The Dolomites ( ; Ladin: Dolomites;  ;  : ), also known as the Dolomite Mountains, Dolomite Alps or Dolomitic Alps, are a mountain range in northeastern Italy. They form part of the Southern Limestone Alps and extend from the River Adige in the west to the Piave Valley (Pieve di Cadore) in the east. The northern and southern borders are defined by the Puster Valley and the Sugana Valley (Italian: Valsugana). The Dolomites are in the regions of Veneto, Trentino-Alto Adige/Südtirol and Friuli Venezia Giulia, covering an area shared between the provinces of Belluno, Vicenza, Verona, Trentino, South Tyrol, Udine and Pordenone.
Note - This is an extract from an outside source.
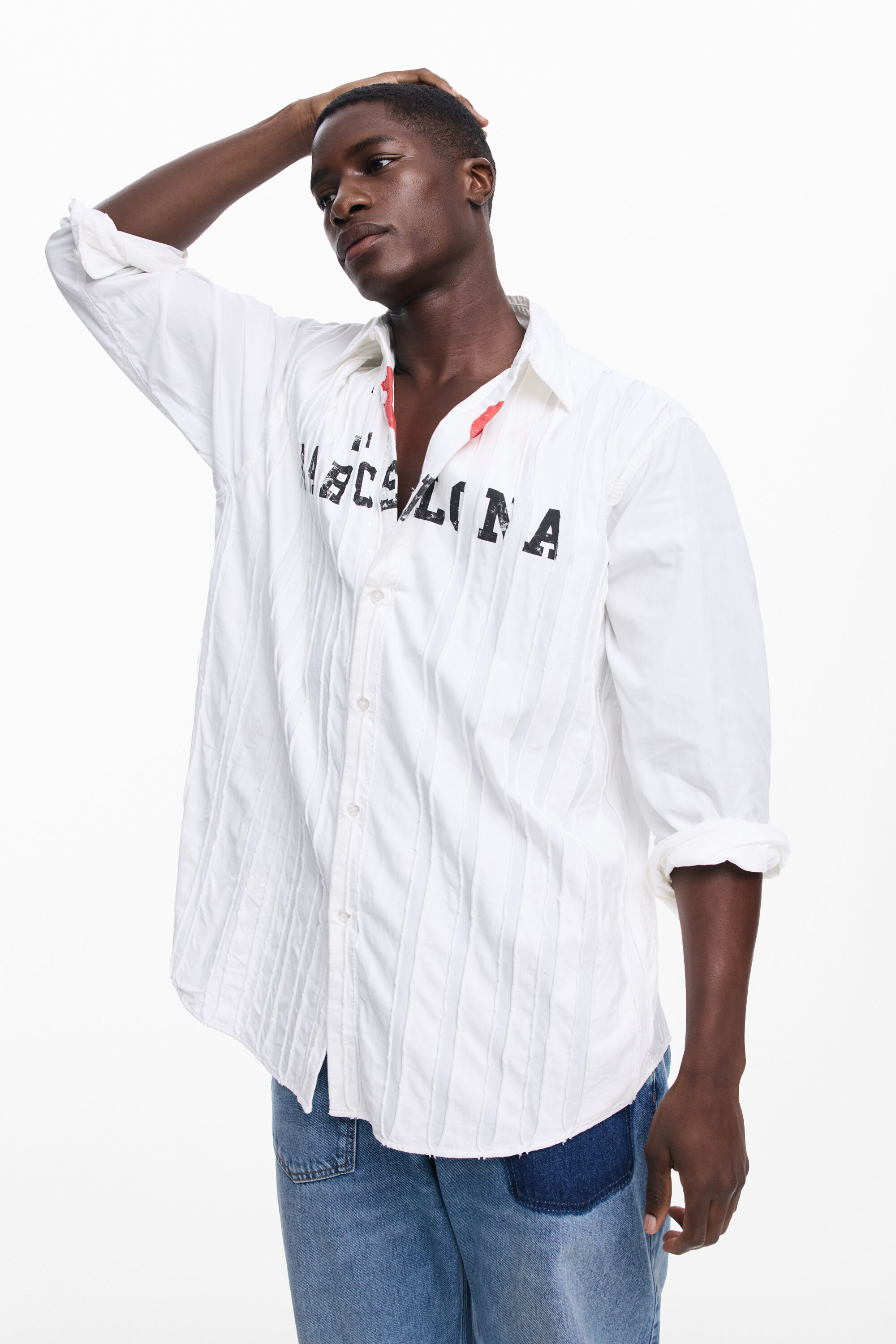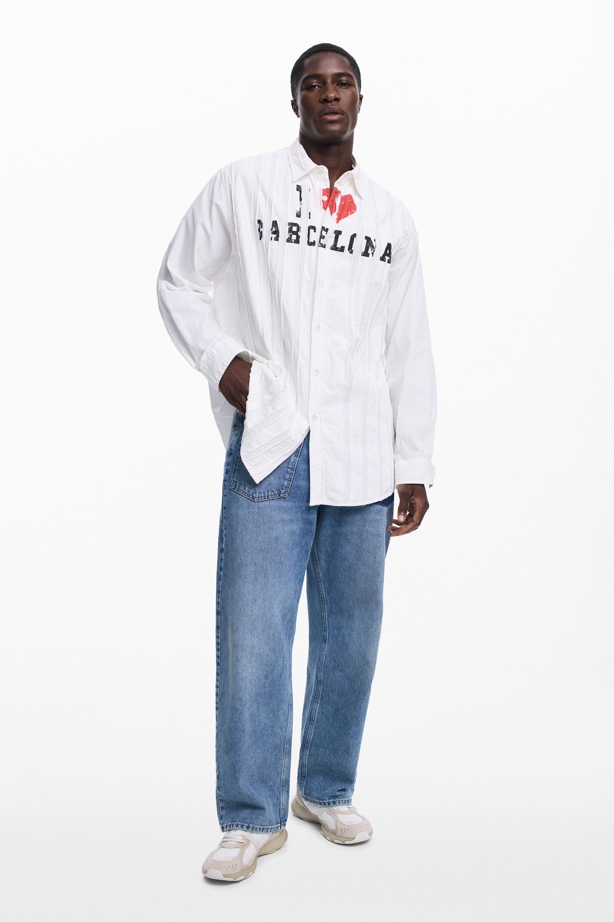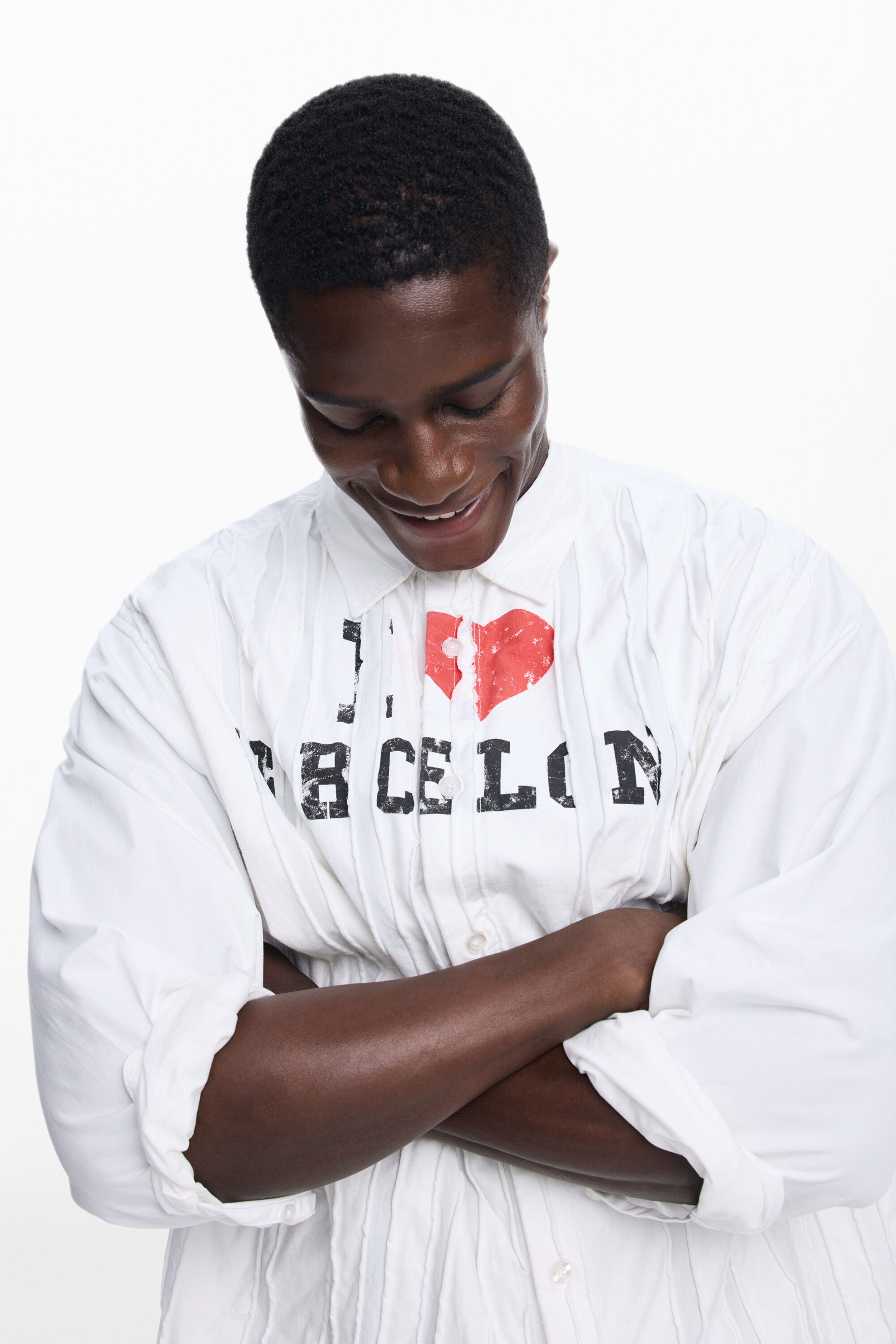 Oversized shirt in poplin, with panel details in t-shirt-style fabric, vertical stripe print, and text I love Barcelona.Fit: LooseCollar: ShirtSleeve: LongClosure: ButtonCombination of fabricsBotterWhen you buy cotton products from Desigual, you are supporting our investment in Better Cotton.

Other mountain groups of similar geological structure are spread along the River Piave to the east – Dolomiti d'Oltrepiave; and far away over the Adige River to the west – Dolomiti di Brenta (Western Dolomites). A smaller group is called Piccole Dolomiti (Little Dolomites), between the provinces of Trentino, Verona, and Vicenza.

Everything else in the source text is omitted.